Идея автономизации видов в процессе эволюции не столь уж нова. П. В. Серебровский еще в 1930 году писал: «…если ход эволюции есть постепенное освобождение из-под власти среды, то, идя вверх, мы должны ожидать перехода этой независимости во власть над природой. Человек и осуществляет этот финал. Наоборот, спускаясь в глубь времен, мы видим все большую и большую зависимость от власти среды». В то же время Дж. Хаксли выступил с теорией «неограниченного прогресса», согласно которой все линии эволюции оказываются в конце концов тупиками, кроме той, которая ведет к человеку. Она-то и называется линией неограниченного прогресса.
Можно ли с такой концепцией согласиться? Кольцов резко возражал против нее, называя ее «ненаучным предрассудком»: «Всегда человеку кажется, что он является венцом прогресса, и ему отводится самая высшая ступень биологической лестницы».
Трудно ответить на этот вопрос однозначно. Парадоксально, что линией «неограниченного прогресса» именуется единственная линия, границу которой мы можем проследить, ибо сами являемся ею. Иные ветви называть тупиковыми не возбраняется, но это недоказуемо, потому что о судьбах их можно будет что-нибудь утверждать в столь далеком будущем, что никто из нас не доживет до этого. С другой стороны, не смешиваем ли мы вещи в принципе несравнимые? Да, человек сейчас ступил на поверхность Луны, опустился на дно океана, переделал всю планету и может уничтожить всю жизнь на ней, включая самого себя. Но с той поры как он создал мало-мальски пригодный каменный топор, он принципиально не изменился. Всемогущим его сделали не факторы эволюции, а факторы иные — развитие рассудочной деятельности, создание общества, труд, накопление знаний. Голый человек на голой земле отнюдь не всемогущ, он слабее любого зверя, и от автономности его ничего не остается. А все атрибуты его всемогущества, от каменного топора до лазера, от меховой одежды до космического скафандра, теории эволюции «неподсудны», они лежат просто в другой плоскости. Конечно, линия, ведущая к человеку, — факт несомненный, но вот можно ли ее назвать неограниченным прогрессом.
В каком смысле прогресс следует считать неограниченным — с точки зрения развития возможностей человека (что верно) или его дальнейшей эволюции (что уже сомнительно)?
Рассмотрим еще одну сторону проблемы: какими путями среда определяет прогресс?
Популяция в ходе своей эволюции все время сталкивается с действием факторов внешней среды. Несколько условно их разделяют на абиотические (факторы неживой природы — такие, как температура и освещенность, влажность для наземных животных и ионный состав среды для водных) и биотические (действие на популяцию сосуществующих с ней животных и растений, среди которых могут быть хищники и паразиты, кормовые объекты и комменсалы-нахлебники, пищевые конкуренты и живущие с данным видом в симбиозе).
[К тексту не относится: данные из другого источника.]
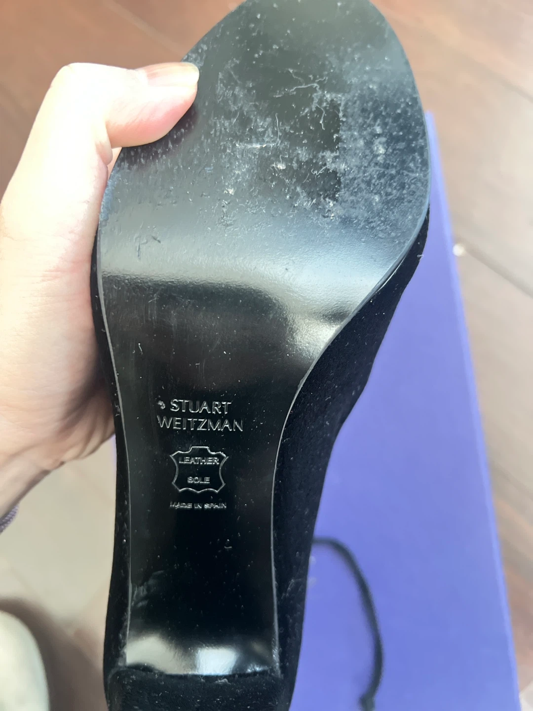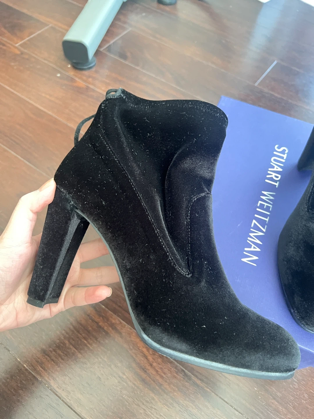 Selling a pair of Stuart Weitzman black velvet booties. They're in good condition and ready for a new owner! The sole is leather and they are made in Spain

Действие факторов в течение жизни популяции способно колебаться, поэтому один и тот же фактор может оказаться благоприятным и неблагоприятным (температура может быть выше и ниже оптимума, лесным животным и растениям одинаково неудобны для жизни как пустыня, так и болото). Нет факторов всегда неблагоприятных. Даже хищники, прямо уничтожающие членов популяции, в умеренном количестве для нее полезны. Они истребляют в первую очередь больных, ослабленных и уже старых животных, а также неудачно, с точки зрения внешней среды, генетически изменившихся. Это мощный фактор стабилизирующего отбора.
Печальные истории — вариации на тему басни «Пустынник и медведь» — о том, какую роль сыграло истребление волков, хищных птиц и т. д. в ряде стран — общеизвестны. Желая помочь куропаткам (вернее, сохранить их для себя), люди уничтожали ястребов, а куропатки гибли от эпидемий.
Факторы в своем действии могут колебаться случайно, но могут изменяться направленно (длящееся веками потепление и похолодание, возрастающая сухость пустынных зон и постепенное осолонение замкнутых водоемов). Читатели без труда вспомнят много подобных примеров.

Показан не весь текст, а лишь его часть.